__How to complete this task__
Return exactly the lines below, starting with the one that has "مدل Panasonic NX950" and going on through the one that has "WANDRD Lens Filter".

__Input for this task__
....
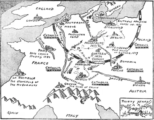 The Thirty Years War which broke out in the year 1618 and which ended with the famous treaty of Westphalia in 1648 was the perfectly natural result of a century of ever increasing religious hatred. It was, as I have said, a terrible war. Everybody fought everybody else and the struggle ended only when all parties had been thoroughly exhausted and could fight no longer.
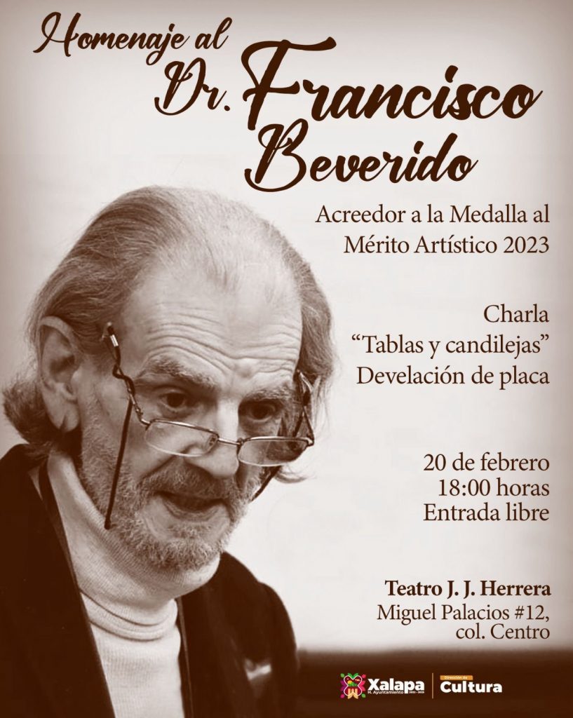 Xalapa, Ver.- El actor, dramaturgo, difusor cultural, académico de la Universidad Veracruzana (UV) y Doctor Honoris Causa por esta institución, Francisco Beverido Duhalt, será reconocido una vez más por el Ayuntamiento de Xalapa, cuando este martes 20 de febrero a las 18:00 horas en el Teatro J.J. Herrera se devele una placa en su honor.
....
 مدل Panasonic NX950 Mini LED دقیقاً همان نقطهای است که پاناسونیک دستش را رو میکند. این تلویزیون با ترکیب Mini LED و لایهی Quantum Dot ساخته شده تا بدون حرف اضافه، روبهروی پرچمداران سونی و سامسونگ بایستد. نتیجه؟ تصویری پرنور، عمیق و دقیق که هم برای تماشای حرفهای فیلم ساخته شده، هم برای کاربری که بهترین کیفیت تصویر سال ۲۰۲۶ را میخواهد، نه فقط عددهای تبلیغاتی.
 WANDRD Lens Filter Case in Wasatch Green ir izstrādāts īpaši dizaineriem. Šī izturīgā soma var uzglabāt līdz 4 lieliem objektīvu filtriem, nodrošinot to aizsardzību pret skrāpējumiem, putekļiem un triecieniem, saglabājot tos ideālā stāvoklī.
....
__Answer__
 مدل Panasonic NX950 Mini LED دقیقاً همان نقطهای است که پاناسونیک دستش را رو میکند. این تلویزیون با ترکیب Mini LED و لایهی Quantum Dot ساخته شده تا بدون حرف اضافه، روبهروی پرچمداران سونی و سامسونگ بایستد. نتیجه؟ تصویری پرنور، عمیق و دقیق که هم برای تماشای حرفهای فیلم ساخته شده، هم برای کاربری که بهترین کیفیت تصویر سال ۲۰۲۶ را میخواهد، نه فقط عددهای تبلیغاتی.
 WANDRD Lens Filter Case in Wasatch Green ir izstrādāts īpaši dizaineriem. Šī izturīgā soma var uzglabāt līdz 4 lieliem objektīvu filtriem, nodrošinot to aizsardzību pret skrāpējumiem, putekļiem un triecieniem, saglabājot tos ideālā stāvoklī.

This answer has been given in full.